A quick scan through the major headlines these days is overwhelming. The Ebola outbreak is spreading faster than efforts to contain it. War is ongoing in the Middle East and is rising in the Ukraine. Freedom of religion in the United States is under attack from seemingly all sides.

My tendency is to respond to the headlines by just not reading the headlines anymore. Out of sight, out of mind, just let me live in my little world here in Northeast Alabama.

But as those who understand that our God is sovereign over this world, is moving history along according to His perfect will, and calls His people to pray for the coming of His Kingdom and shine as citizens of that Kingdom, we can’t close our eyes.

An extremely helpful tool that keeps me from closing my eyes to the world is “The Briefing”, Al Mohler’s “daily analysis of news and events from a Christian worldview.” The Briefing is only 20 minutes long, and in it Mohler summarizes some of the most note-worthy headlines, and then explains how we can think about them as Christians.

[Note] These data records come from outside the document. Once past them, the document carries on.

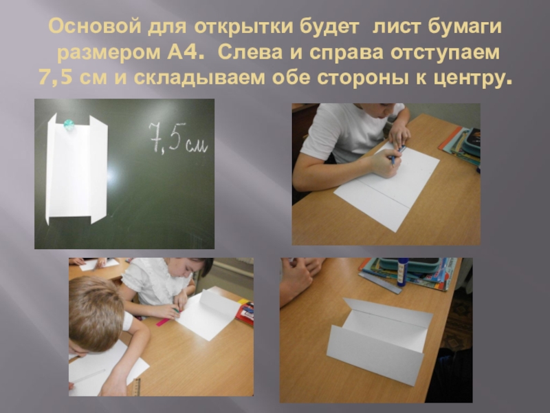 Слайд 2Основой для открытки будет лист бумаги размером А4. Слева и справа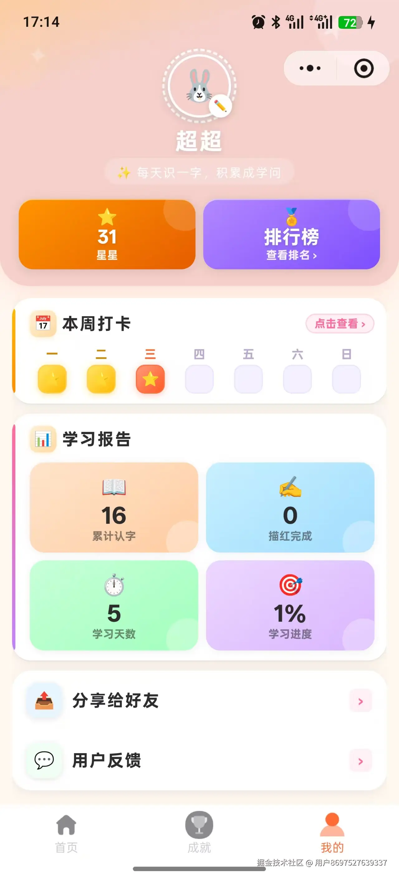 今天给大家分享我完全用 AI 辅助开发的小程序——认字鸭,一个专为儿童设计的汉字学习工具。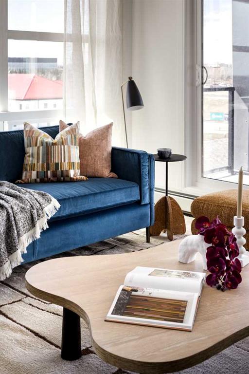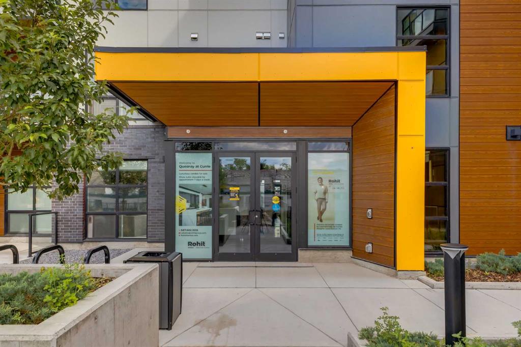 Discover the “Argento” floorplan by award-winning Rohit Homes—a bright and spacious 2-bedroom, 2-bathroom corner unit thoughtfully designed for comfort and style. Perfectly situated on the 5th floor of Quesnay at Currie Barracks, this home boasts soaring 9’ ceilings that create an airy, open feel while large windows fill the space with natural light. Featuring the bold and stylish Haute Contemporary color palette, the interior showcases a modern edge with sleek finishes and striking contrasts. The Argento offers high-end details throughout, including quartz countertops with a waterfall edge, a matching quartz backsplash, full-height cabinetry, a premium appliance package, bespoke light fixtures, and designer window coverings. The open-concept layout flows seamlessly between the kitchen, dining, and living areas, ideal for entertaining or simply enjoying everyday life. The primary suite includes a private ensuite for a touch of luxury, while the second bedroom and additional full bath provide comfort and flexibility for guests or a home office. Step outside to your ground-floor patio, extending your living space and offering a convenient connection to the outdoors. This pet-friendly and AIRBNB-approved building includes titled heated underground parking and plenty of visitor spaces. With its unbeatable location just minutes from downtown, Mount Royal University, and the vibrant communities of 17th Ave and Marda Loop, the Argento floorplan is perfect for downsizers or anyone looking for a stylish, low-maintenance home. Limited units are available—don’t miss your chance to make this striking residence yours! **Photos are taken from existing building of the same models. Not of the exact unit **
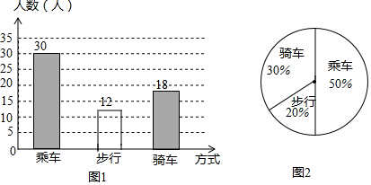 (2)求得步行的人数=60-30-18=12人,乘车的人数所对的圆心角的度数为360°×$\frac{30}{60}$=180°,骑车的人数所对的圆心角的度数为360°×$\frac{12}{60}$=72°,补全条形统计图和扇形统计图即可;

At the end of today’s episode, Mohler summarized our responsibility:

“The list, indeed the stack, of issues to be discussed appears to be almost insurmountable and still growing. Indeed, that appears to be an almost permanent condition. Christians in this generation are being called to think through so many issues, so quickly, simultaneously, and our responsibility is to think in Biblical terms, to think as thinking Christians, thinking Christianly and Biblically. We are called to bring every though captive to Christ, and that means in this world we have to be those who think through a Christian worldview, who consider these things as Christians based upon the totality of Christian truth, reasoning from Christian first principles in our consideration of these issues that are coming to us in almost “machine-gun” rapidity. It seems to be no exaggeration to believe that this generation of Christians faces a unique, if not unprecedented, responsibility to confront so many of these issues simultaneously, and more importantly, faithfully. We’ll try to think through these issues faithfully together.”